Task requirements: All records below are to be transcribed exactly, with every picture left out.

Stored items:
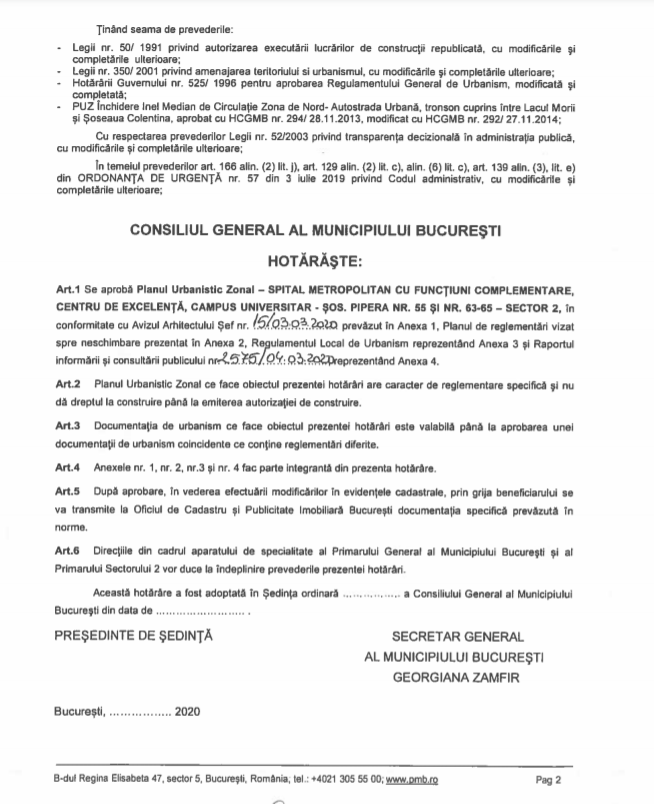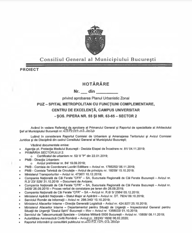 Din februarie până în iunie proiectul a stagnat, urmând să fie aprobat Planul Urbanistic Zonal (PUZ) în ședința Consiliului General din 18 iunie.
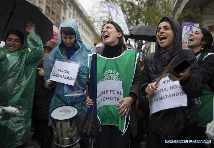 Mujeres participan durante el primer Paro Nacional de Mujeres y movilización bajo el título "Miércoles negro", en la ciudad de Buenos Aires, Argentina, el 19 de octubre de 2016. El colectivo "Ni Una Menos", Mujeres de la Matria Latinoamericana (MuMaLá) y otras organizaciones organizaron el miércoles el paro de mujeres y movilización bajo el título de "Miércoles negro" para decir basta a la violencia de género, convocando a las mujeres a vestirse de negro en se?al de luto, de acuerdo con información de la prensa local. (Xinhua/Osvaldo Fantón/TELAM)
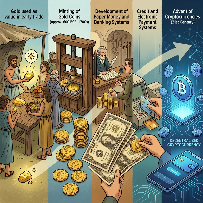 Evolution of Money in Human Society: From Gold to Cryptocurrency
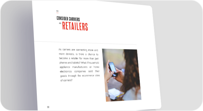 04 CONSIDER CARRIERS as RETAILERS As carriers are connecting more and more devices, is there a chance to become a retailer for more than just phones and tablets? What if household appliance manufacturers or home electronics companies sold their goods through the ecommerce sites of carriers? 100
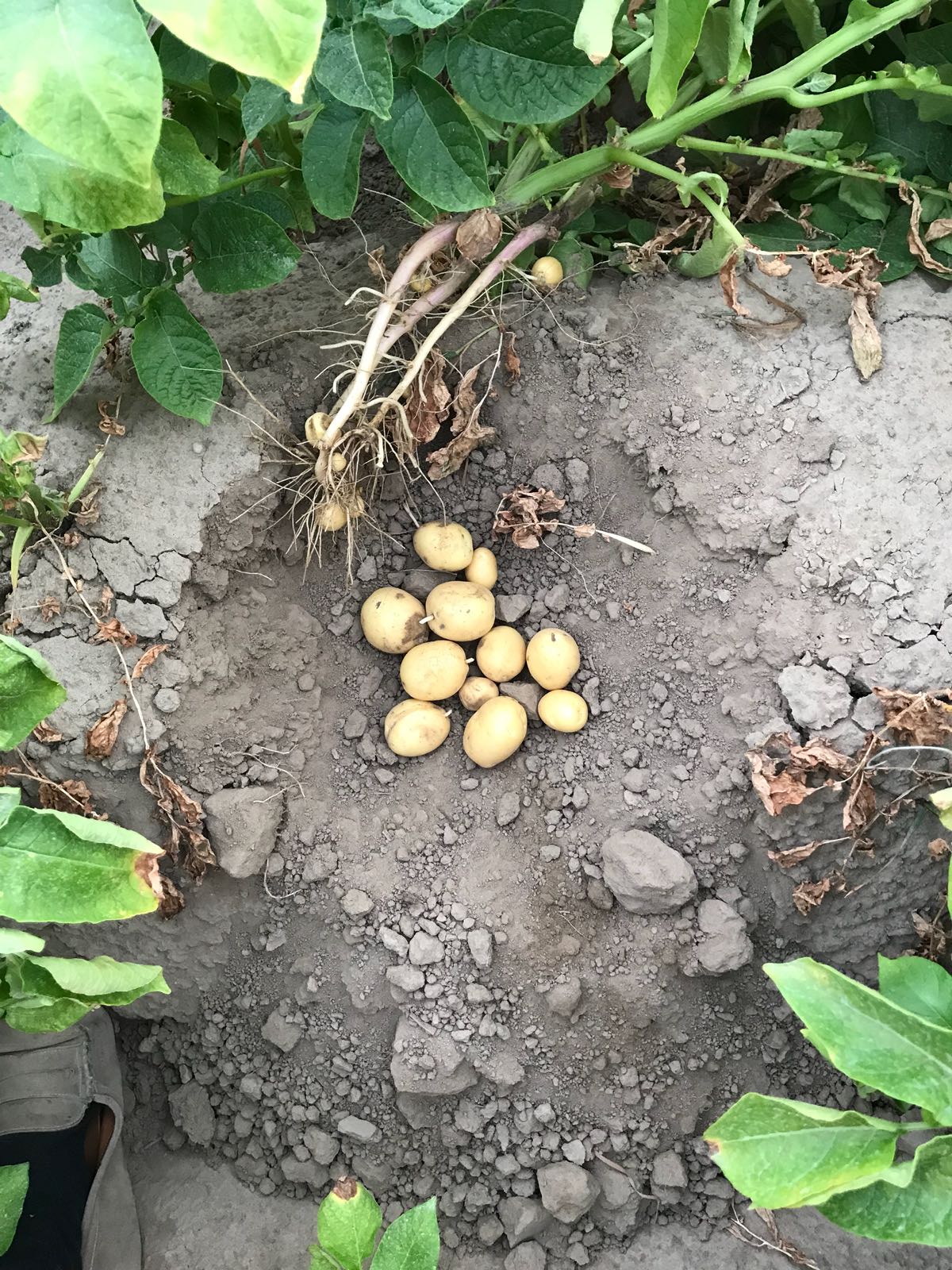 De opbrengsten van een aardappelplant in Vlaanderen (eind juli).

Written reply:
 Din februarie până în iunie proiectul a stagnat, urmând să fie aprobat Planul Urbanistic Zonal (PUZ) în ședința Consiliului General din 18 iunie.
 Mujeres participan durante el primer Paro Nacional de Mujeres y movilización bajo el título "Miércoles negro", en la ciudad de Buenos Aires, Argentina, el 19 de octubre de 2016. El colectivo "Ni Una Menos", Mujeres de la Matria Latinoamericana (MuMaLá) y otras organizaciones organizaron el miércoles el paro de mujeres y movilización bajo el título de "Miércoles negro" para decir basta a la violencia de género, convocando a las mujeres a vestirse de negro en se?al de luto, de acuerdo con información de la prensa local. (Xinhua/Osvaldo Fantón/TELAM)
 Evolution of Money in Human Society: From Gold to Cryptocurrency
 04 CONSIDER CARRIERS as RETAILERS As carriers are connecting more and more devices, is there a chance to become a retailer for more than just phones and tablets? What if household appliance manufacturers or home electronics companies sold their goods through the ecommerce sites of carriers? 100
 De opbrengsten van een aardappelplant in Vlaanderen (eind juli).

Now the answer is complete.